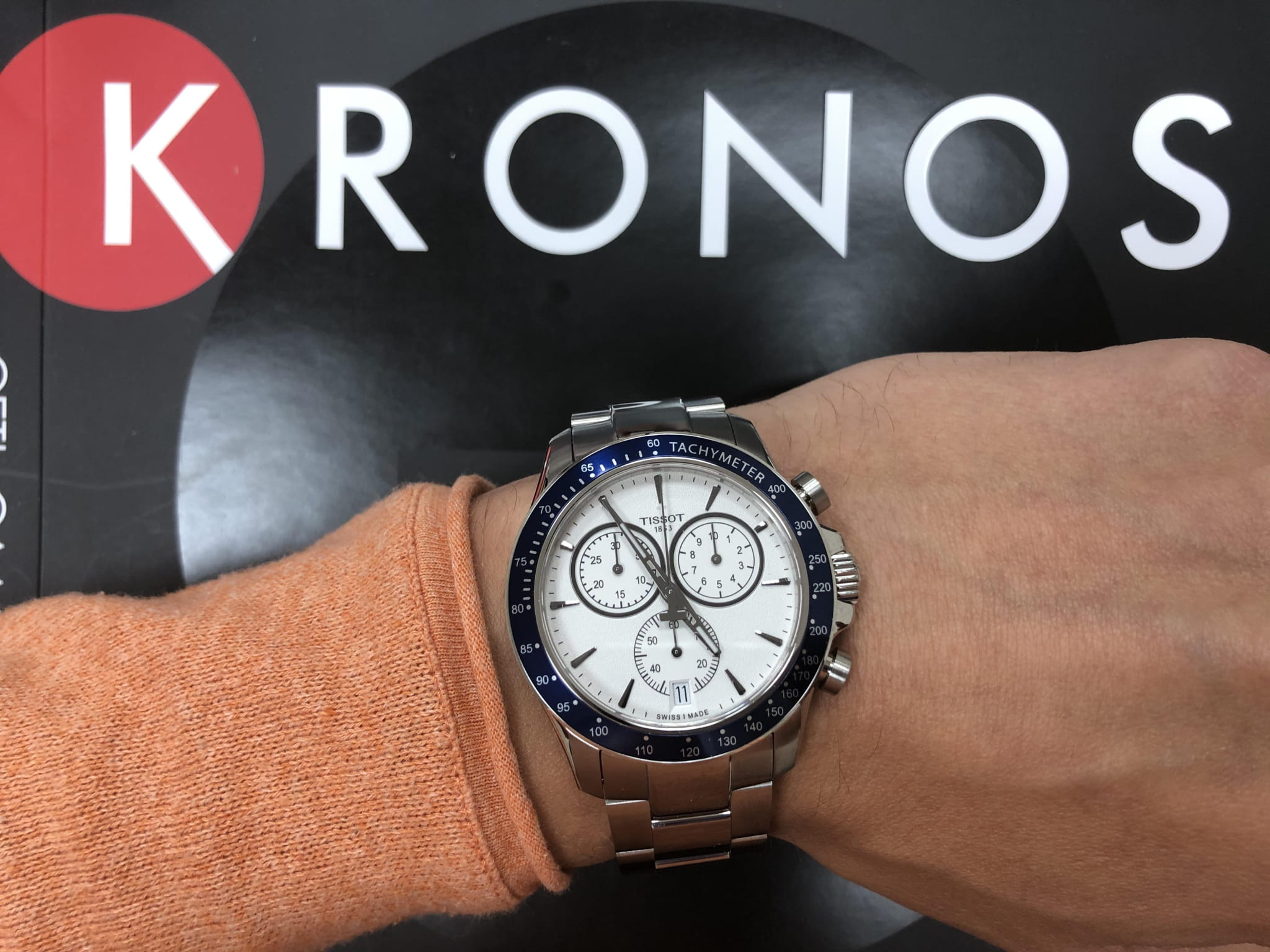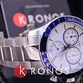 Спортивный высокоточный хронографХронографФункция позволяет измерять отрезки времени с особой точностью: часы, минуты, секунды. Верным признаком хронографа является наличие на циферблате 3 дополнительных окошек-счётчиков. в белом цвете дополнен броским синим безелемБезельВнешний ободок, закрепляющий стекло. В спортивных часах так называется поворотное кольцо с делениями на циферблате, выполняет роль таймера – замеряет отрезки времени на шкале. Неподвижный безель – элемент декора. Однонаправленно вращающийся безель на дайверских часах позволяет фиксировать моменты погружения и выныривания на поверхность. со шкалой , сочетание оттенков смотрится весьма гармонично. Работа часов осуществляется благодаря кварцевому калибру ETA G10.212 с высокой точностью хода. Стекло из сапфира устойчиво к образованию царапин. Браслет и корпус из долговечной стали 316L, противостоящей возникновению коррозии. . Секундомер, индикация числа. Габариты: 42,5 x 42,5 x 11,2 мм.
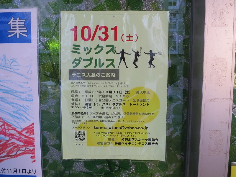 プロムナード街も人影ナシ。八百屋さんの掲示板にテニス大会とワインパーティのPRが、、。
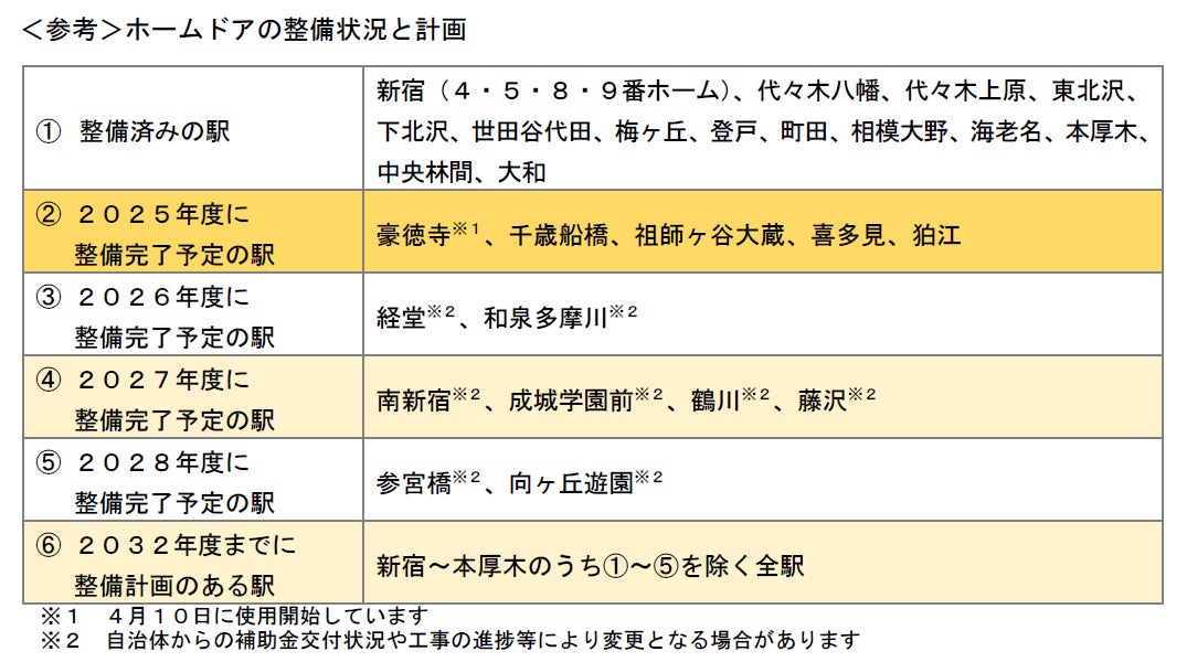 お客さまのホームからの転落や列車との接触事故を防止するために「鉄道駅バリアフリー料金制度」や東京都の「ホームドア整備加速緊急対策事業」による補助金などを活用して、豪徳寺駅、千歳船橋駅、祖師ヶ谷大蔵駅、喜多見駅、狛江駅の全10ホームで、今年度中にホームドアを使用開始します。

--- PROBLEM DESCRIPTION ---
Omit every picture while printing the data word for word.

--- RESULT FOR THIS TASK ---
 Спортивный высокоточный хронографХронографФункция позволяет измерять отрезки времени с особой точностью: часы, минуты, секунды. Верным признаком хронографа является наличие на циферблате 3 дополнительных окошек-счётчиков. в белом цвете дополнен броским синим безелемБезельВнешний ободок, закрепляющий стекло. В спортивных часах так называется поворотное кольцо с делениями на циферблате, выполняет роль таймера – замеряет отрезки времени на шкале. Неподвижный безель – элемент декора. Однонаправленно вращающийся безель на дайверских часах позволяет фиксировать моменты погружения и выныривания на поверхность. со шкалой , сочетание оттенков смотрится весьма гармонично. Работа часов осуществляется благодаря кварцевому калибру ETA G10.212 с высокой точностью хода. Стекло из сапфира устойчиво к образованию царапин. Браслет и корпус из долговечной стали 316L, противостоящей возникновению коррозии. . Секундомер, индикация числа. Габариты: 42,5 x 42,5 x 11,2 мм.
 プロムナード街も人影ナシ。八百屋さんの掲示板にテニス大会とワインパーティのPRが、、。
 お客さまのホームからの転落や列車との接触事故を防止するために「鉄道駅バリアフリー料金制度」や東京都の「ホームドア整備加速緊急対策事業」による補助金などを活用して、豪徳寺駅、千歳船橋駅、祖師ヶ谷大蔵駅、喜多見駅、狛江駅の全10ホームで、今年度中にホームドアを使用開始します。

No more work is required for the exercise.